**Records for the exercise**
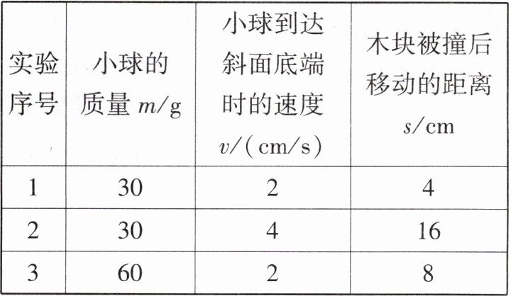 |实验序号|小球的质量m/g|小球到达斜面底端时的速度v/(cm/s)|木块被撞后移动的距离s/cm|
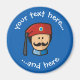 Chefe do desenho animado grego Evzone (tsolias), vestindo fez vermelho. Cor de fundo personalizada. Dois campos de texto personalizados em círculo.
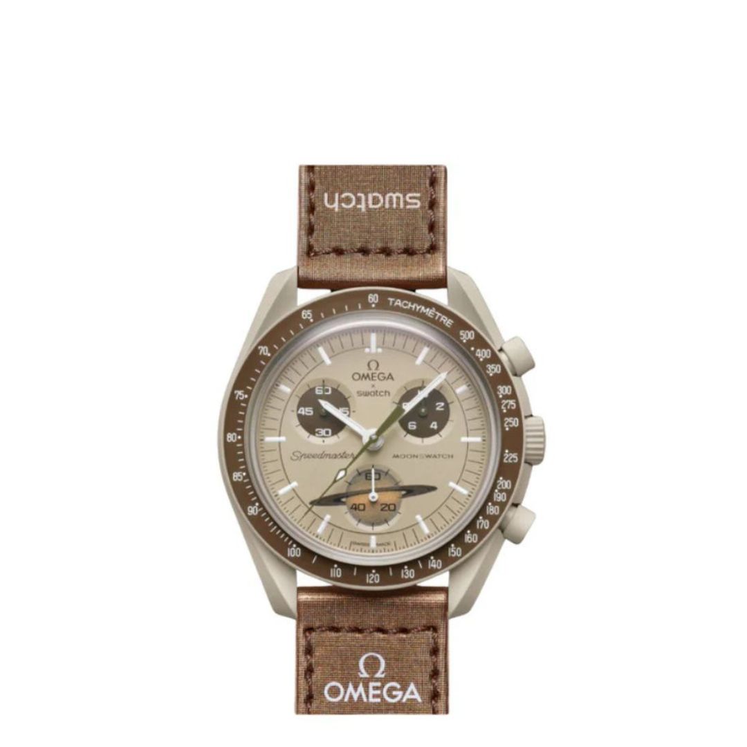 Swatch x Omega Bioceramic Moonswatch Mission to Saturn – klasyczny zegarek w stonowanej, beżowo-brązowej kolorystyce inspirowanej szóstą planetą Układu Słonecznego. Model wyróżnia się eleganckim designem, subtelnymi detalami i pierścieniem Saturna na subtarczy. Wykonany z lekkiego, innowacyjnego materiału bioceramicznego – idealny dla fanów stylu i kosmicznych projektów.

--

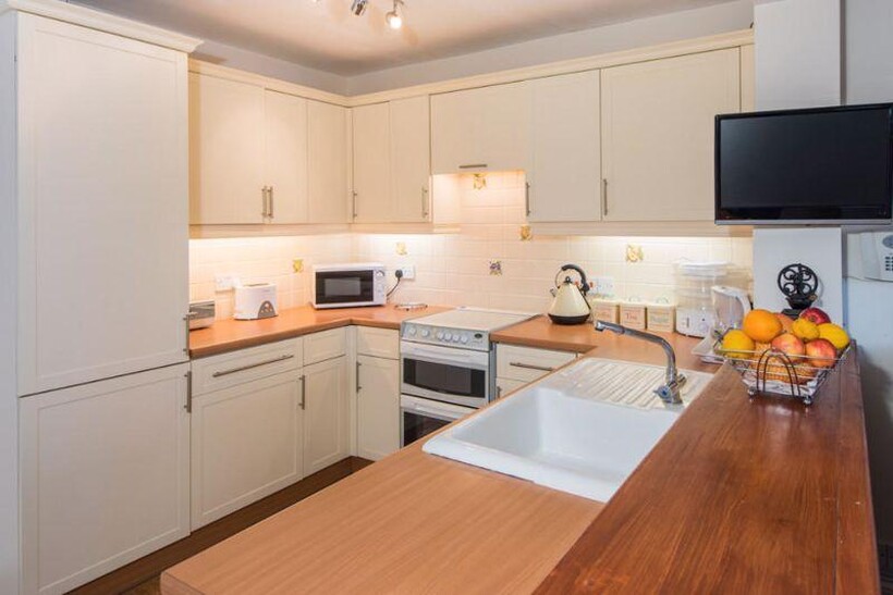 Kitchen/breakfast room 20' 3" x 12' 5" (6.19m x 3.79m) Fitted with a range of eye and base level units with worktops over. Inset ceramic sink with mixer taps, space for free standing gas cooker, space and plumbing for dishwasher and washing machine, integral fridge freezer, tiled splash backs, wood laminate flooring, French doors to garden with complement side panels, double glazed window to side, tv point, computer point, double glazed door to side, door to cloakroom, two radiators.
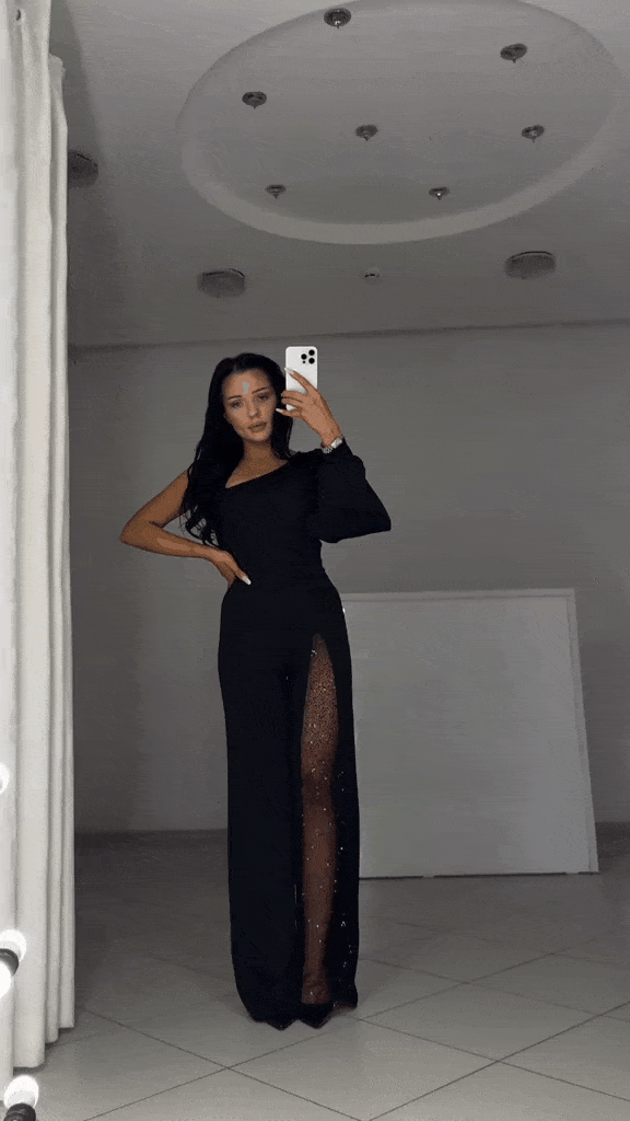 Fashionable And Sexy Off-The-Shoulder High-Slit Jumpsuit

...

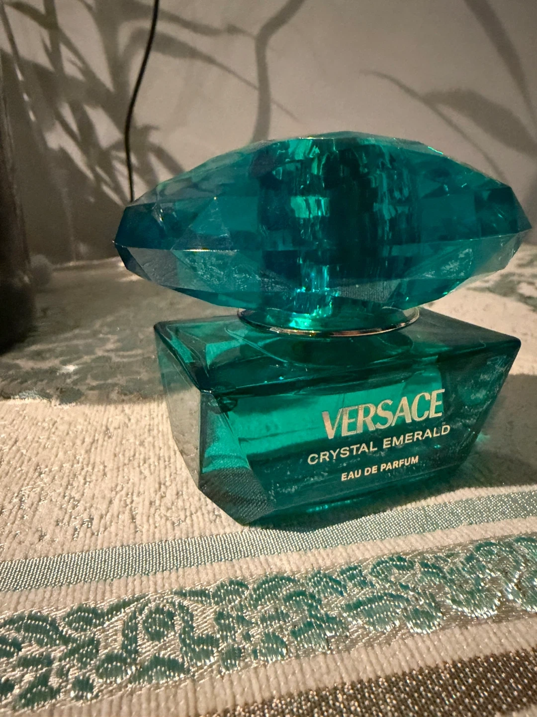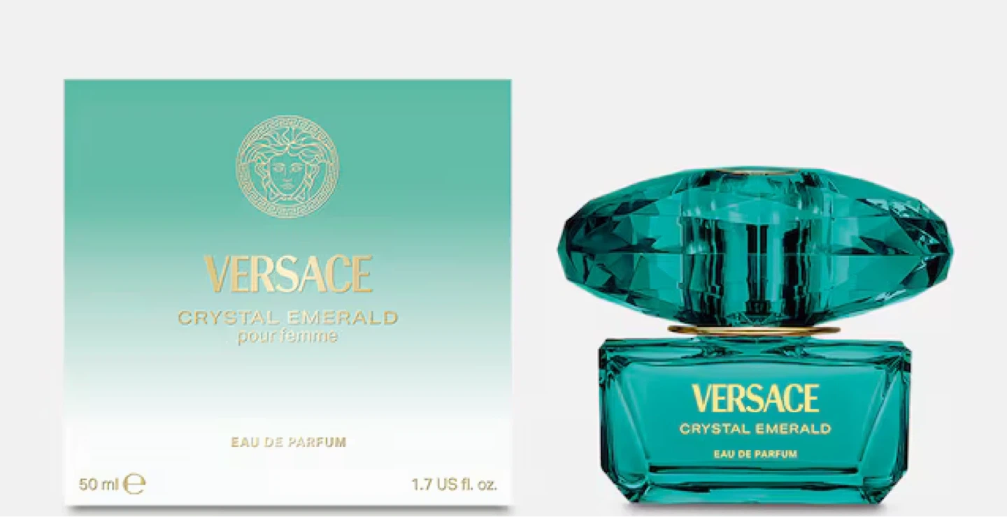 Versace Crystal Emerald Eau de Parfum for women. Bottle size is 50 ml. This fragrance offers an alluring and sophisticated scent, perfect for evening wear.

**Work request**
Word for word, retype the lines in the entries above that run from the one with "Chefe do desenho" through the one with "Swatch x Omega". Both ends count; pictures do not.

**Result**
 Chefe do desenho animado grego Evzone (tsolias), vestindo fez vermelho. Cor de fundo personalizada. Dois campos de texto personalizados em círculo.
 Swatch x Omega Bioceramic Moonswatch Mission to Saturn – klasyczny zegarek w stonowanej, beżowo-brązowej kolorystyce inspirowanej szóstą planetą Układu Słonecznego. Model wyróżnia się eleganckim designem, subtelnymi detalami i pierścieniem Saturna na subtarczy. Wykonany z lekkiego, innowacyjnego materiału bioceramicznego – idealny dla fanów stylu i kosmicznych projektów.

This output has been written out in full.